A ticking time bomb change in the law could affect the values of properties let out on long leases – and effectively blight the owner’s ability to sell, a lawyer has warned.

A Communities and Local Government consultation on the complex proposed changes ends on September 12.

If the proposal goes through, it would mean that a long leaseholder of a valuable property would have the right to remain in the property when the lease expires.

As the law stands, a long leaseholder may have a right to remain in the property as an assured tenant subject to the property being their only or principal home and satisfying a low rent test and value limit.
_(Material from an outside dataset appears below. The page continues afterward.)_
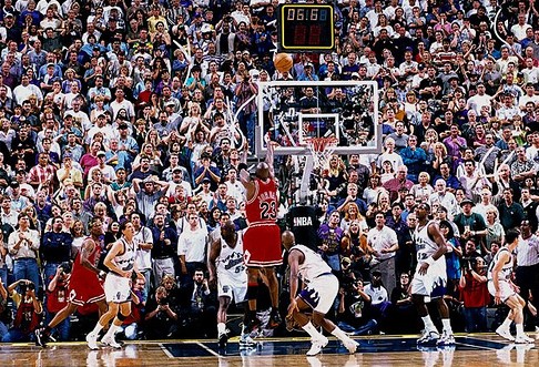 The Shot. El auténtico tiro. Una de sus imágenes más famosas. Apenas seis segundos cuando salta ante Byron Russell en el sexto partido de la final del 98 ante Utah Jazz. Sexto partido, 6 segundos y sexto título para los Bulls.

The current limit for rent is £25,000 and applies to any long lease with a premium value of approximately £400,000. The proposal is to increase the rent limit to £100,000, raising the value limit to over £1.15m.

Lawyer Elaine Dobson, a partner at Bircham Dyson Bell, said: “This would bring a huge swathe of properties under the value limits and deprive the landlord of the ability to deal with their freehold estate on the expiry of the long lease.”

She went on: “This is a dramatic increase and will result in many more long leaseholders enjoying security of tenure if brought in retrospectively from April 1, 1990.

“If the proposals are implemented retrospectively, this will mean a transfer of value from freeholders to leaseholders in respect of leases granted since 1990 which is over and above anything justified by inflation.

“However, it should be remembered that most long leases are granted for terms in excess of 99 years and as such, the effect of these increases will not be seen for some time.”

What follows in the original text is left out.